MILAN: Milli-Annotations for Lidar Semantic Segmentation

TL;DR

MILAN tackles the high cost of annotating lidar point clouds for semantic segmentation by combining self-supervised 3D features with a three-stage pipeline: diverse frame selection, cluster-based cheap annotation of selected frames, and semi-supervised training using pseudo-labels and a teacher-student EMA to leverage unlabeled data. It leverages ScaLR-based 3D features for frame diversity and point clustering, enabling annotators to label cluster centers with a single action and propagate labels across clusters. The approach achieves near fully-supervised performance on SemanticKITTI and nuScenes with annotations orders of magnitude lower than full labeling (as low as one-tenth of a percent in some cases) and demonstrates competitive or superior results against state-of-the-art annotation-cost reduction methods. The work emphasizes simplicity, scalability, and practical impact for deploying high-quality lidar segmentation with massively reduced labeling effort.

Abstract

Annotating lidar point clouds for autonomous driving is a notoriously expensive and time-consuming task. In this work, we show that the quality of recent self-supervised lidar scan representations allows a great reduction of the annotation cost. Our method has two main steps. First, we show that self-supervised representations allow a simple and direct selection of highly informative lidar scans to annotate: training a network on these selected scans leads to much better results than a random selection of scans and, more interestingly, to results on par with selections made by SOTA active learning methods. In a second step, we leverage the same self-supervised representations to cluster points in our selected scans. Asking the annotator to classify each cluster, with a single click per cluster, then permits us to close the gap with fully-annotated training sets, while only requiring one thousandth of the point labels.
Paper Structure (42 sections, 2 equations, 4 figures, 8 tables, 1 algorithm)

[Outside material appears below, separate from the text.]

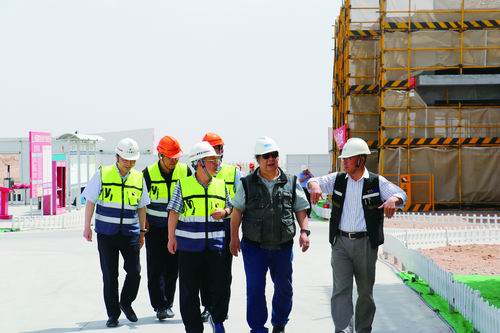 2020年7月9日,徐洪杰(右二)查看钍基熔盐堆实验堆施工情况。 上海应物所供图
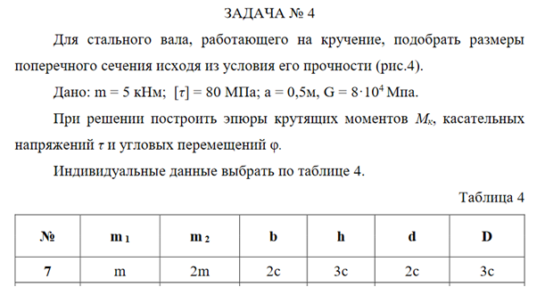 Задача 4: Для стального вала, работающего на кручение, подобрать размеры поперечного сечения исходя из условия его прочности

This paper contains 42 sections, 2 equations, 4 figures, 8 tables, 1 algorithm.

Figures (4)

  • Figure 1: Performance (mIoU%) obtained with MILAN using WaffleIron puy23waffleiron on SemanticKITTI and nuScenes for different (very) low levels of annotation. We compare our results to those of a model trained in a fully-supervised fashion with $100\%$ of the labels. We observe that with just $0.05\%$ of annotated points on SemanticKITTI, we obtain results on-par with those of the fully-supervised model. On the more challenging nuScenes dataset, we reach results similar to the fully supervised baseline with as little as 0.9% of annotated points.
  • Figure 2: MILAN's annotation pipeline. The sequences of scans are first pruned to remove highly similar consecutive frames. Then a subset of scans with high diversity are selected using our scalable SeedAL method. For each selected scan, the points are clustered using self-supervised features. One point in each cluster is presented to an annotator, to prove a semantic label. The resulting sparse annotations are then propagated to the whole scan by giving the same label to all points falling in the same cluster. This scarce-annotation pipeline is followed by self-training.
  • Figure 3: Comparison of our direct (non iterative) data selection strategy MILAN with SOTA active learning strategies on SemanticKITTI. All models are trained using SPVCNN as network architecture and using solely the scans with labeled points for training (no semi-supervision).
  • Figure 4: Quality of our propagated labels. Left: Our propagated labels after annotating 1% and 2% of the points per scan on SemanticKITTI (first two rows) and nuScenes (last two rows), respectively. Right: Ground truth labels.